AllTheUsernamesAreAlreadyTaken · 29/01/2022 09:15

It just reflect what they eat at home.

I’m ve lost count of the number of parents I know who’ve said “X only eats fish fingers and chicken nuggets” or “I have to make three different meals or they wouldn’t eat”

In fact, just look at threads on here.

AllTheUsernamesAreAlreadyTaken · 29/01/2022 09:16

Sorry! Breastfeeding and typing with my left hand didn’t quite work out!

You get the drift though

MadameHeisenberg · 29/01/2022 09:17

OP, France is not the paragon of culinary health you seem to like to think it is. It’s McDonald’s number 1 market in Europe and full of families and teenagers.

There are industrial boulangeries everywhere selling cheap baked goods akin to Greggs.

EileenGC · 29/01/2022 09:18

They also don't cater for vegetarians (a non-meat option is available, but it's usually fish), halal, no pork diets, etc.
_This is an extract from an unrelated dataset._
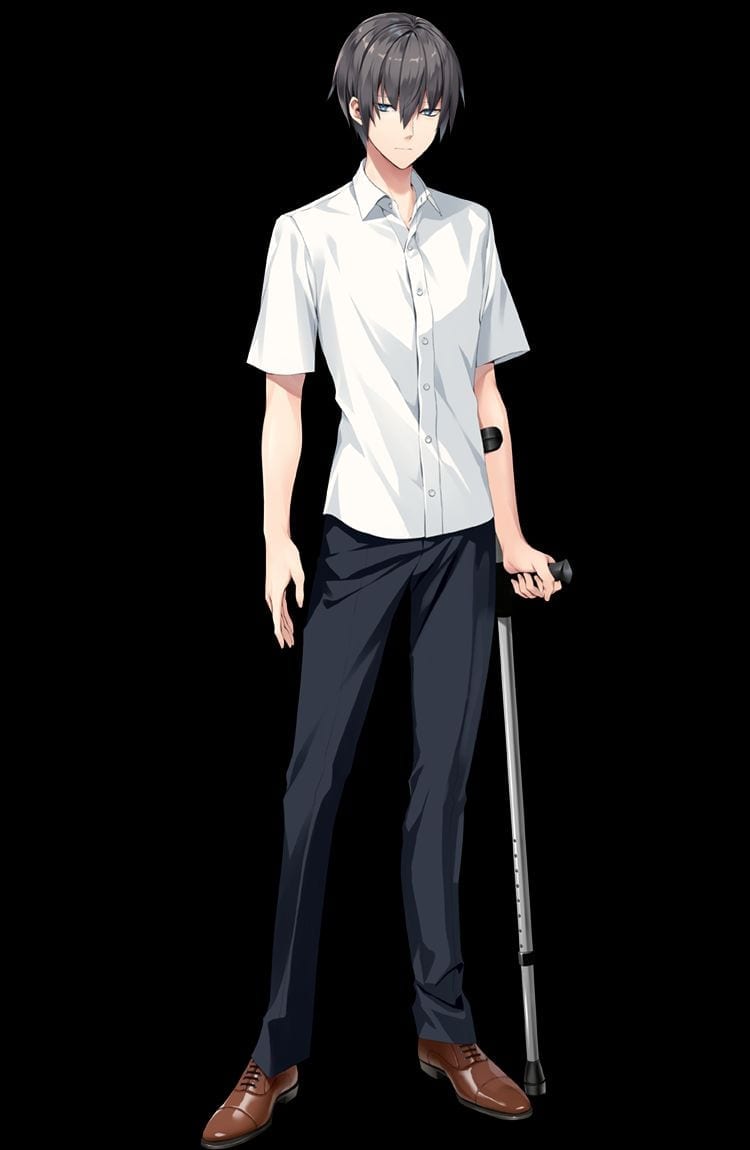 Three characters have been revealed. Natsuki is 17 years old. He used to go to an elite school in the city called the Academy. He lost his leg and his mother at the same time during an accident years before, and his post-traumatic stress disorder causes him to fall prey to seizures when he is in dark and quiet places.

Packed lunches are not allowed unless a doctor certifies a medical reason for needing to bring food from home.

I do want to point out that this is not something to be proud of. They should be providing those options or allowing packed lunches (and regulating contents) for those children who don’t eat meat or avoid certain foods due to religious reasons.

Even in Spain, the land of jamón and marisco, 20 years ago, we were allowed to bring food from home if vegetarian or on a halal/kosher diet. I grew up in an area with a relatively large Muslim population so the risk of not being flexible was hundreds of children not being registered in school because they couldn’t eat anything during a 9-5 school day.